The problem "Binary Subarrays With Sum" involves finding the number of contiguous subarrays in a binary array that sum up to a specific target value. The provided Python solution employs a sliding window approach to efficiently handle this problem.

  • Begin with initializing your variables: left_index to keep track of the left boundary of the sliding window, num_zeros to count the number of extraneous zeros in the current window, sum_of_elements to accumulate the sum of elements in the current window, and count_of_subarrays to count the subarrays meeting the target sum.

  • Loop through each element in the input list using an index and the value with enumerate(). Increment the sum_of_elements by the current element each time.

  • Inside the loop, adjust the window's start index (left_index) if it either contains a zero that can be excluded or if the sum_of_elements exceeds the target. Track the number of zeros that were skipped as they might form new subarrays meeting the target when included with other elements.

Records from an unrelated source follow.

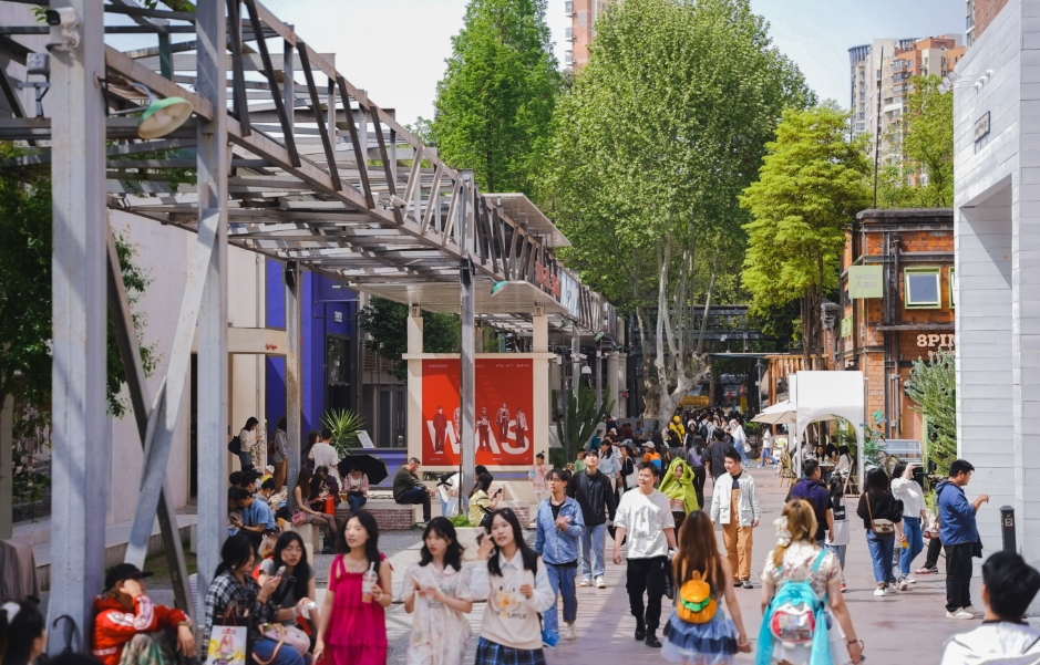 走进成都东郊记忆·国际时尚产业园,苏式红砖厂房、蒸汽式火车头、烟囱管廊水塔等工业遗迹,与数字文创、潮牌快闪店、艺术咖啡馆等潮流店铺并肩而立,各种雕塑、艺术装置点缀其间,高耸的水泥塔里举办着先锋艺术展,旧锅炉房变身为LiveHouse……工业风与潮流文化在此碰撞交织,曾是老成都的工业心脏“红光电子管厂”,如今化身为成都“时尚C位”,形成对年轻人强大的“潮”引力。
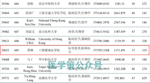 其中,中国在医学领域有1799人上榜,占中国入选科学家的14.7%。作为核医学界的杰出代表,我校上海市分子影像学重点实验室黄钢教授此次列全球39653位、中国449位(前40%),能位列其中实属不易,说明我国核医学领域的发展有了长足的进步。
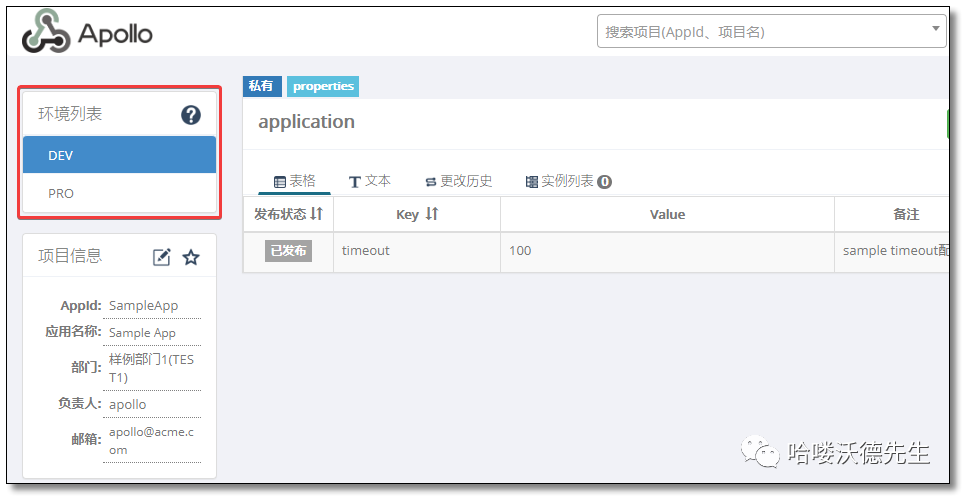 再访问:192.168.10.101:8070 输入 Apollo/admin 进行登录,点击案例项目 SampleApp 进入项目首页,看到多环境说明搭建成功,后续的操作就和之前讲的一样了,这里就不再过多赘述。
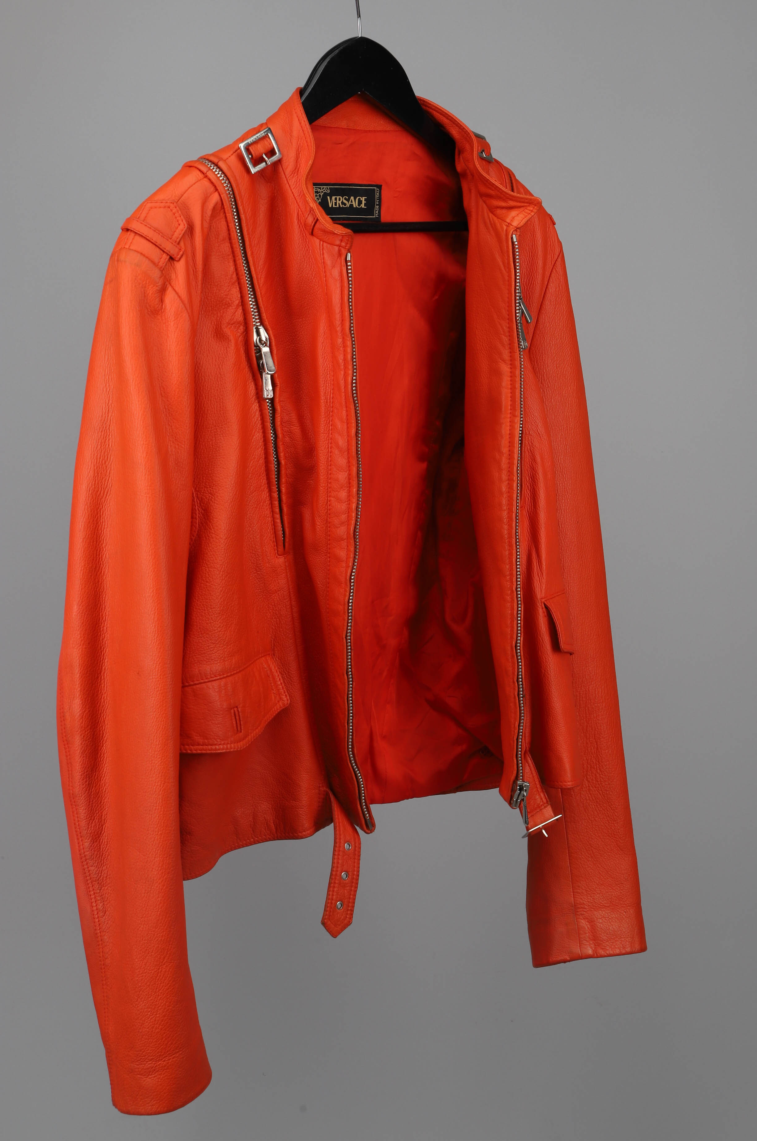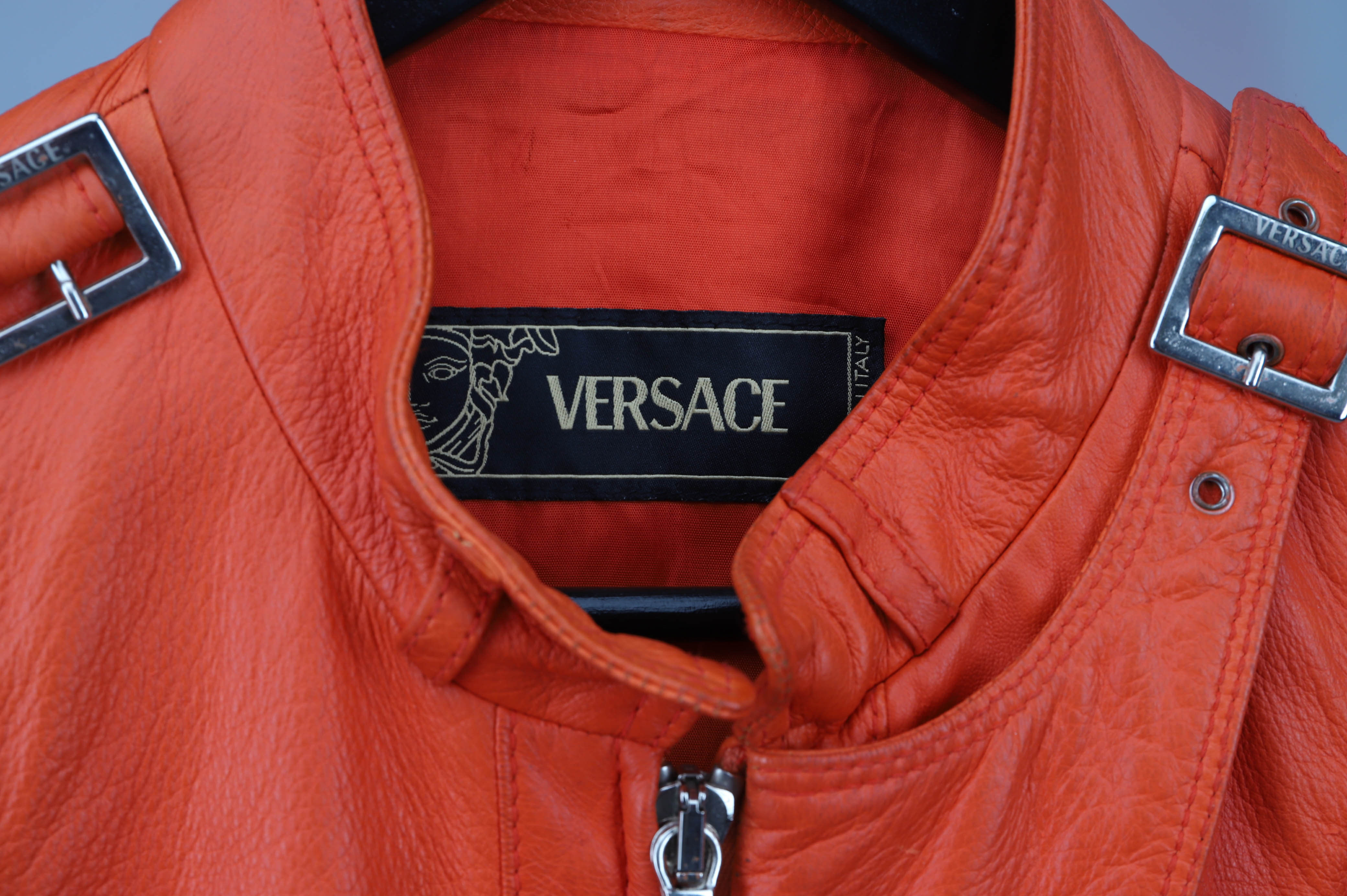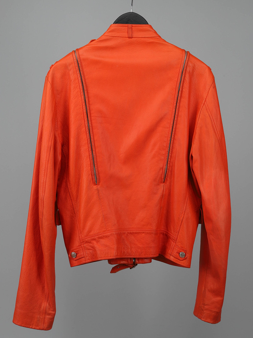 3722012. VERSACE, Jacke, orangefarbenes Lammfell, Größe S/M.

  • Check after every adjustment whether the sum_of_elements matches the target and, if it does, increase the count_of_subarrays by one plus the number of extraneous zeros thus accounting for all subarrays formed with the current right boundary.

  • Return the total count of such subarrays at the end of the loop.

This approach has an overall time complexity that is more efficient than brute forcing each possible subarray, particularly for larger arrays, as it does not recompute the sum for overlapping parts of the array due to the sliding window technique.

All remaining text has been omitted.